Understand the problem: Determine if a string is a palindrome, ignoring non-alphanumeric characters and case differences.
Get the length n of the input string s.
Initialize two pointers: L to 0 (start) and R to n-1 (end).
While L is less than R:
- If the character at s[L] is not alphanumeric, increment L and continue.
- If the character at s[R] is not alphanumeric, decrement R and continue.
- If the lowercase characters at s[L] and s[R] are not equal, return False.
Increment L and decrement R to check the next pair.
Return True if all checked characters match, indicating a palindrome.

Code Solution

class Solution:
    def isPalindrome(self, s: str) -> bool:
        n = len(s)
        L = 0
        R = n - 1

        while L < R:
            if not s[L].isalnum():
                L += 1
                continue

            if not s[R].isalnum():
                R -= 1
                continue

            if s[L].lower() != s[R].lower():
                return False

            L += 1
            R -= 1

        return True

# Time Complexity: O(n)
# Space Complexity: O(1)

#include <cctype>
#include <string>
using namespace std;

class Solution {
public:
    bool isPalindrome(string s) {
        int L = 0, R = s.size() - 1;

        while (L < R) {
            while (L < R && !isalnum(s[L])) {
                L++;
            }
            while (L < R && !isalnum(s[R])) {
                R--;
            }
            if (L < R && tolower(s[L]) != tolower(s[R])) {
                return false;
            }
            L++;
            R--;
        }
        return true;
    }
};

public class Solution {
    public boolean isPalindrome(String s) {
        int L = 0, R = s.length() - 1;

        while (L < R) {
            while (L < R && !Character.isLetterOrDigit(s.charAt(L))) {
                L++;
            }
            while (L < R && !Character.isLetterOrDigit(s.charAt(R))) {
                R--;
            }
            if (L < R && Character.toLowerCase(s.charAt(L)) != Character.toLowerCase(s.charAt(R))) {
                return false;
            }
            L++;
            R--;
        }
        return true;
    }
}

var isPalindrome = function(s) {
    let L = 0, R = s.length - 1;

    while (L < R) {
        while (L < R && !/[a-zA-Z0-9]/.test(s[L])) {
            L++;
        }
        while (L < R && !/[a-zA-Z0-9]/.test(s[R])) {
            R--;
        }
        if (L < R && s[L].toLowerCase() !== s[R].toLowerCase()) {
            return false;
        }
        L++;
        R--;
    }
    return true;
};

Detailed Explanation

Understanding the Problem

The "Valid Palindrome" problem asks us to determine whether a given string is a palindrome.
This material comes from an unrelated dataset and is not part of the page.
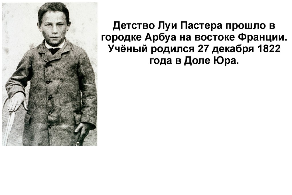 Детство Луи Пастера прошло вгородке Арбуа на востоке Франции.

A palindrome is a sequence that reads the same backward as forward. However, this variant of the problem ignores all non-alphanumeric characters and is case-insensitive. For example, "A man, a plan, a canal: Panama" is considered a valid palindrome.

Two-Pointer Technique

To solve this efficiently without using additional space to store a cleaned version of the string, we apply the two-pointer approach. We use two indices, one starting from the beginning of the string (L) and the other from the end (R), moving inward.

At each step, we skip any character that is not alphanumeric by advancing the pointers. If both characters are alphanumeric, we compare their lowercase versions. If at any point the characters differ, the string is not a palindrome, and we return false.

Step-by-Step Strategy

Initialize L = 0 and R = s.length - 1.
While L < R:
- If s[L] is not alphanumeric, increment L.
- If s[R] is not alphanumeric, decrement R.
- Compare lowercase(s[L]) and lowercase(s[R]). If they differ, return false.
- If they match, increment L and decrement R.
If the loop completes without mismatches, return true.

Why This Works

This method is efficient because it avoids the overhead of creating a new filtered string. By using the two-pointer approach, we ensure that we check character pairs directly within the original string. Lowercasing both characters standardizes comparison and skipping non-alphanumeric characters ensures compliance with the problem’s constraints.

Time and Space Complexity

The solution runs in O(n) time, where n is the length of the input string, since each character is visited at most once. The space complexity is O(1), as we only use a constant number of pointers and comparisons, making this approach optimal for large strings.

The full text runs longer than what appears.